The volume rendering in The Croods and Wizard of Oz is quite
impressive, things have really gotten more advanced this year.

Camera frustum volume shapes seem to be quite important in getting as
much detail as possible into the render. Tracing rays through such a
frustum turns out to be not so simple.

There were already some papers published by SPI/SolidAngle for single
scattering, now there is also a trick to emulate multiple scattering.
The idea is to combine multiple 'octaves' with different volume
settings. Each octave halves the density to let light scatter further
with just one bounce. This is only a trick but combining these octaves
lets light scatter far enough while still preserving detail, and it's
entirely unbiased with no need for precomputation.

OPENVDB

The OpenVDB file format and data structure is quite cool in that you
can store volumes with no predefined bounding boxes, the volume data
can grow as needed without the users needing to worry about setting
bounds. Even better through are the tools provided along with the
library. They've got production quality tools for conversion to/from
meshes and particles, various volume manipulations, etc. If someone is
interested in implementing a native Volume datablock in Blender this
sounds like a great way to do it as much of the important stuff is
already there, with more planned to be added.
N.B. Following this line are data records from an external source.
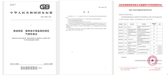 农食产品与健康事业部党总支成立以来,聚焦行业技术需求,组建党员科技攻关小组,将攻坚任务落实到一线,主动参与国家标准、团体标准制定等工作,有效填补多项行业技术空白。2025年度,作为主要起草单位编制的国家标准《粮油检验 植物油中角鲨烯的测定 气相色谱法》(GB/T 46666-2025)、团体标准《原木直径、材积智能检量技术》(T/CTWPDA 18-2024)已正式发布实施;省部级重点项目《长岛近海刺参特异性识别研究》成功立项,并获得自然资源部开放基金资助;新立项《饲料中重金属铅、镉检测方法研究》《超痕量油田水性示踪剂检测方法研究》2项标准研制任务,一系列成果有力推动了相关行业技术的规范化、标准化发展。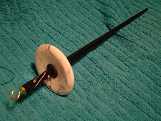 And wanted to show you something that is in progress. A very special piece.. You know me, right? if my underwear has to match the clothing I am wearing above, why wouldn't the spindle match the wool I am spinning on it? Yep, I have orange, blue, even red spindles (good thing though that natural wood kinda matches everything)...For a long time now, I keep thinking how, and from what could spindles made from here...this seems to be a god start, eh? The whorl is white stone, the dovel is black hardwood (gosh I had a hell of a time screwing the hook into it) wuth a bit of white decoration. Too bad finding the pieces are not easy here, and because of the stone, kind pricey to boot... but once someone falls in love with spinning... one can never have enough spindles, right?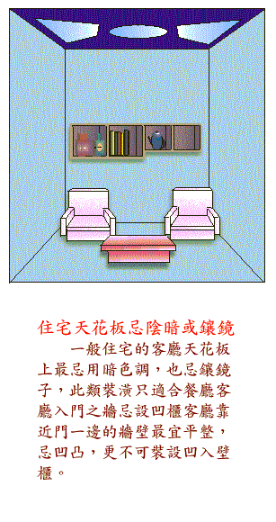 3. 住宅天花板忌阴暗或镶镜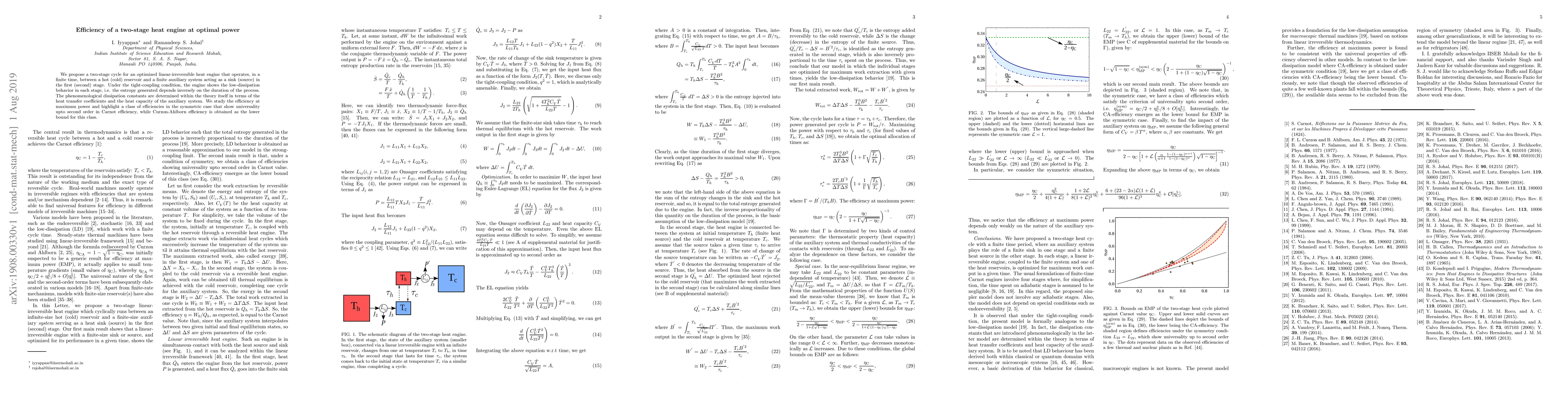 This paper proposes a two-stage heat engine cycle optimized for maximum power, demonstrating low-dissipation behavior under tight-coupling conditions. The efficiency at maximum power is analyzed, revealing a universal class of efficiencies up to second order in Carnot efficiency, with Curzon-Ahlborn efficiency as the lower bound.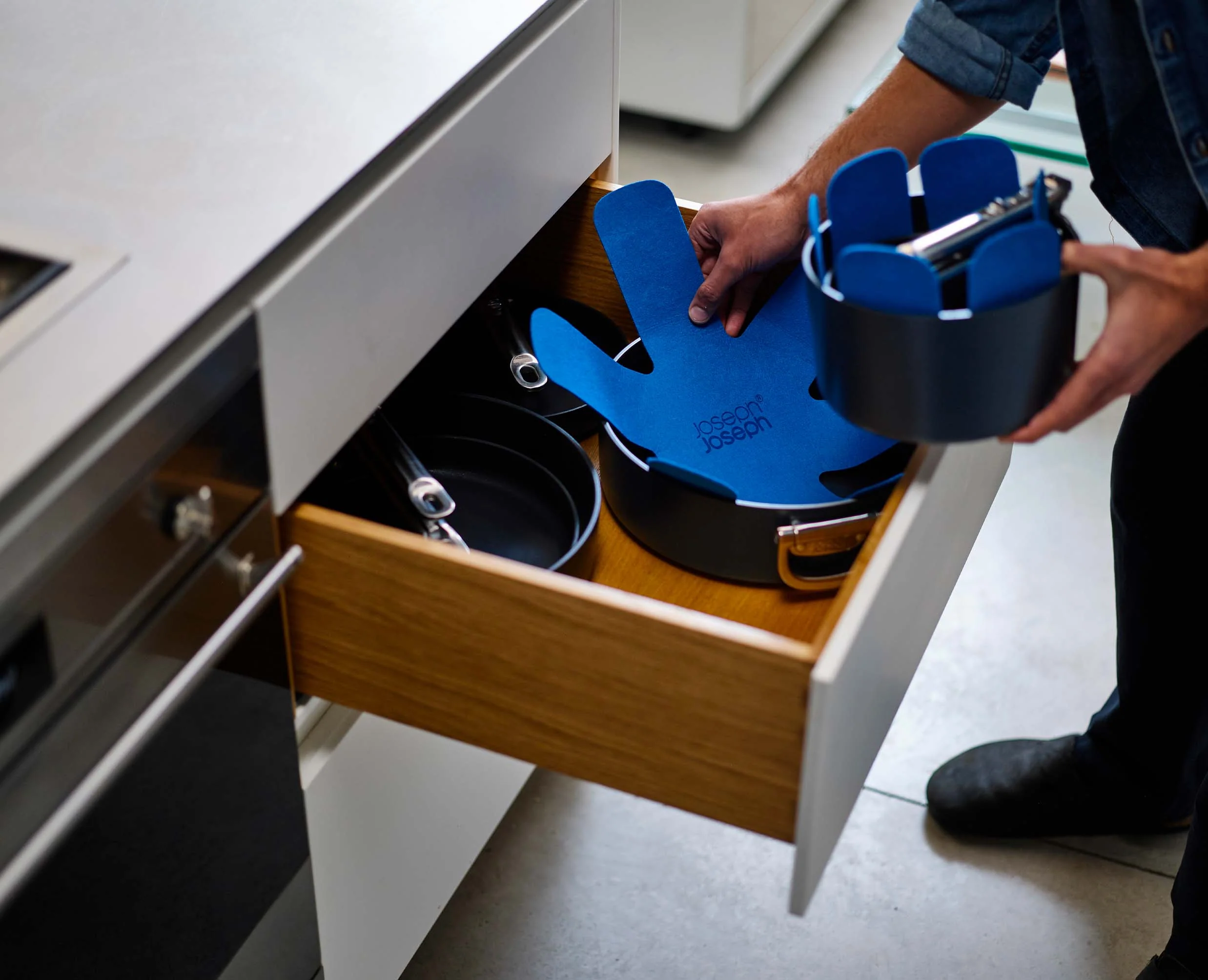 - Provides a soft-yet-sturdy layer between pans when stored inside each other.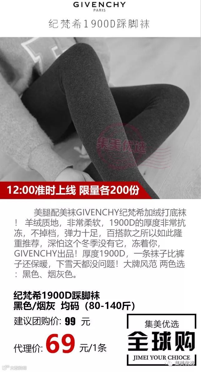 美腿配美袜GIVENCHY纪梵希加绒打底袜! 羊绒质地,非常柔软,1900D的厚度非常抗冻,不掉档,弹力十足,百搭款之所以如此隆重推荐,深怕这个冬季没有它,冻着你,GIVENCHY出品!厚度1900D,一条袜子比裤子还保暖,下雪天都没问题!大牌风范 两色选:黑色、烟灰色。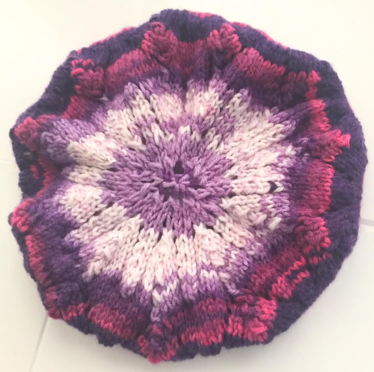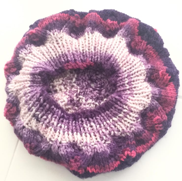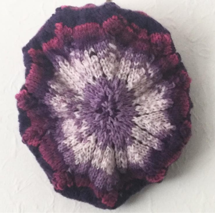 This beautiful beret is hand knitted from self patterning purple tone yarn (100% acrylic). It is knitted with a fancy pattern which adds extra design to this smart hat.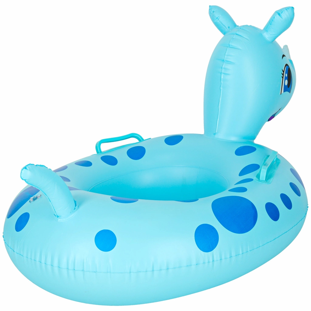 Este flotador inflable para los más pequeños combina diversión y seguridad. El asiento con aberturas para las piernas mantiene al niño estable, mientras que el par de asas aporta confianza durante el juego en el agua. El material de PVC de alta calidad garantiza resistencia y larga duración.

One example they showed is converting a mesh to a volume, giving the
walls some thickness with dilation, fracturing the mesh, and
converting back to an adaptive tessellated mesh. All while preserving
mesh attributes like UV maps. Another example was clouds modelling by
quickly deforming and placing some spheres, converting to a volume and
adding procedural noise.

EXPLOITING SIMD/SIMT

Embree is now using ISPC and has kernels that work with ray packets.
Restructuring the code to take advantage of that sort of thing is
hard, using ISPC to compile the kernel might help. It's unclear if the
extra memory usage of computing 4/8/16 ray paths at the same time is
really more efficient in the end for real use cases, you can then
optimally use CPU FLOPS but you're doing a lot more memory access
which is usually a bottleneck already.

At the same time for optimal GPU usage we should split our megakernel
into smaller parts, this will help getting OpenCL to work on AMD, but
will also benefit NVidia cards in more complex scenes with many
different materials. This is quite challenging to do in practice
though, especially with a kernel as complex as Cycles. NVidia showed
how to do this for a simple path tracer but Cycles is quite a bit more
complicated. What you need to do is to turn the code into a kind of
state machine. We should try this at some point.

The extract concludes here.